Later modifications have allowed for tensile, compression, and torsion testing.

==Operation==
Although there are various setups and techniques currently in use for the split-Hopkinson pressure bar, the underlying principles for the test and measurement are the same. The specimen is placed between the ends of two straight bars, called the incident bar and the transmitted bar. At the end of the incident bar (some distance away from the specimen, typically at the far end), a stress wave is created which propagates through the bar toward the specimen. This wave is referred to as the incident wave, and upon reaching the specimen, splits into two smaller waves. One of which, the transmitted wave, travels through the specimen and into the transmitted bar, causing plastic deformation in the specimen. The other wave, called the reflected wave, is reflected away from the specimen and travels back down the incident bar.

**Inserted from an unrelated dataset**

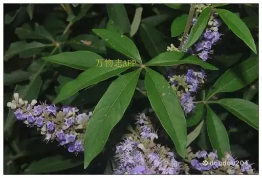 灌木,高2-3米;小枝四棱形,被灰白色绒毛。掌状复叶,对生,叶柄长2-7厘米,小叶4-7,小叶片狭披针形,有短柄或近无柄;中间的小叶片5-9厘米,宽1-1.7厘米,通常全缘,顶端渐尖,基部楔形,表面绿色,背面密被灰白色绒毛和腺点;两侧的小叶依次渐刁。

Most modern setups use strain gauges on the bars to measure strains caused by the waves. Assuming deformation in the specimen is uniform, the stress and strain can be calculated from the amplitudes of the incident, transmitted, and reflected waves.

==Compression testing==
For compression testing, two symmetrical bars are situated in series, with the sample in between. The incident bar is struck by a striker bar during testing. The striker bar is fired from a gas gun. The transmitted bar collides with a momentum trap (typically a block of soft metal). Strain gauges are mounted on both the incident and transmitted bars.

==Tension testing==
Tension testing in a Split Hopkinson pressure bar (SHPB) is more complex due to a variation of loading methods and specimen attachment to the incident and transmission bar. The first tension bar was designed and tested by Harding et al. in 1960; the design involved using a hollow weight bar that was connected to a yoke and threaded specimen inside of the weight bar. A tensile wave was created by impacting the weight bar with a ram and having the initial compression wave reflect as a tensile wave off the free end Another breakthrough in the SHPB design was done by Nichols who used a typical compression setup and threaded metallic specimens on both the incident and transmission ends, while placing a composite collar over the specimen. The specimen had a snug fit on the incident and transmission side in order to bypass an initial compression wave. Nichols' setup would create an initial compression wave by an impact in the incident end with a striker, but when the compression wave reached the specimen, the threads would not be loaded. The compression wave would ideally pass through the composite collar and then reflect off the free end in tension. The tensile wave would then pull on the specimen. The next loading method was revolutionized by Ogawa in 1984. A hollow striker was used to impact a flange that is threaded to end on an incident bar. This striker was propelled by using either a gas gun or a rotating disk. The specimen was once again attached to the incident and transmission bar via threading.

==Torsion testing==
As with tension testing, there exist a variety of methods for specimen attachment and loading when subjecting materials to torsion on a SHPB.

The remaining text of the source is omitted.